Task description: Line by line, the data below should be set down unchanged, with images excluded.

Recorded information:
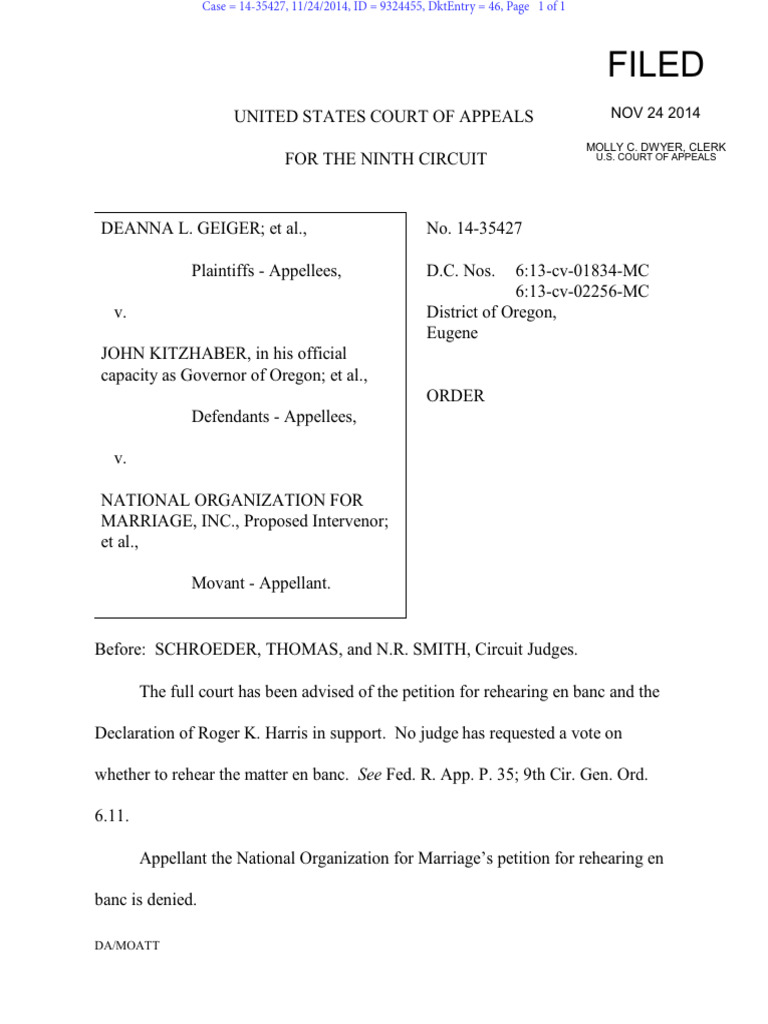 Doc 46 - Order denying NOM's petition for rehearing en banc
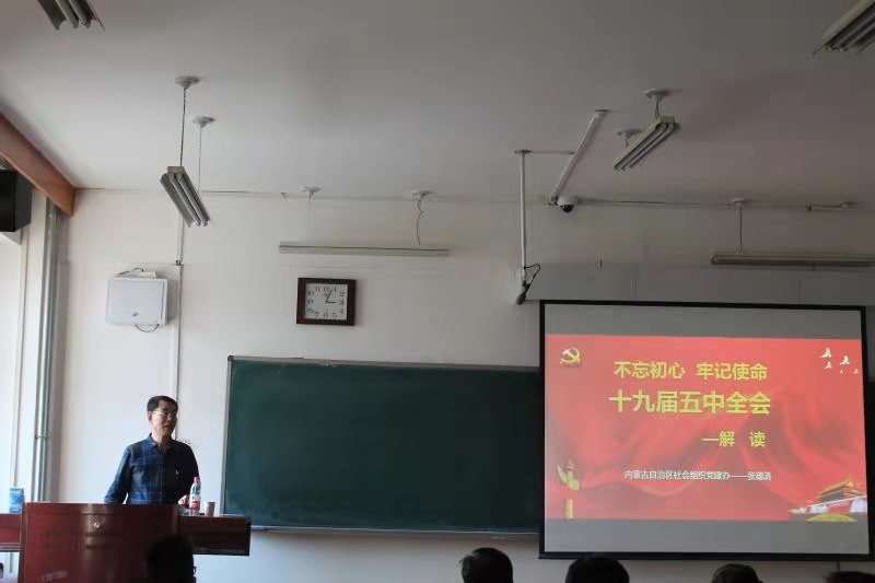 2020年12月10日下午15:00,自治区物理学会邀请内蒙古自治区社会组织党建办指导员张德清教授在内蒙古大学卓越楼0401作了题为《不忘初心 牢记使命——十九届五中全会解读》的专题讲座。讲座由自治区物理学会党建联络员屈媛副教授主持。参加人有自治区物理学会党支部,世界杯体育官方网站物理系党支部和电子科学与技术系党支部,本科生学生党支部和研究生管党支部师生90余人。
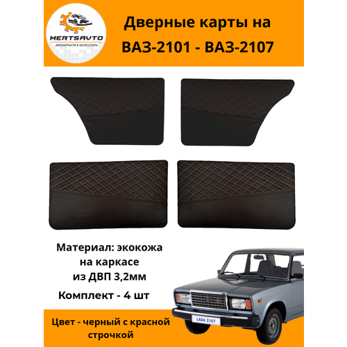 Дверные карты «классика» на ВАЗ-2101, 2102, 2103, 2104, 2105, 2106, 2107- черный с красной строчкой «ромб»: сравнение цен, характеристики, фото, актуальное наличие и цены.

Expected answer:
 Doc 46 - Order denying NOM's petition for rehearing en banc
 2020年12月10日下午15:00,自治区物理学会邀请内蒙古自治区社会组织党建办指导员张德清教授在内蒙古大学卓越楼0401作了题为《不忘初心 牢记使命——十九届五中全会解读》的专题讲座。讲座由自治区物理学会党建联络员屈媛副教授主持。参加人有自治区物理学会党支部,世界杯体育官方网站物理系党支部和电子科学与技术系党支部,本科生学生党支部和研究生管党支部师生90余人。
 Дверные карты «классика» на ВАЗ-2101, 2102, 2103, 2104, 2105, 2106, 2107- черный с красной строчкой «ромб»: сравнение цен, характеристики, фото, актуальное наличие и цены.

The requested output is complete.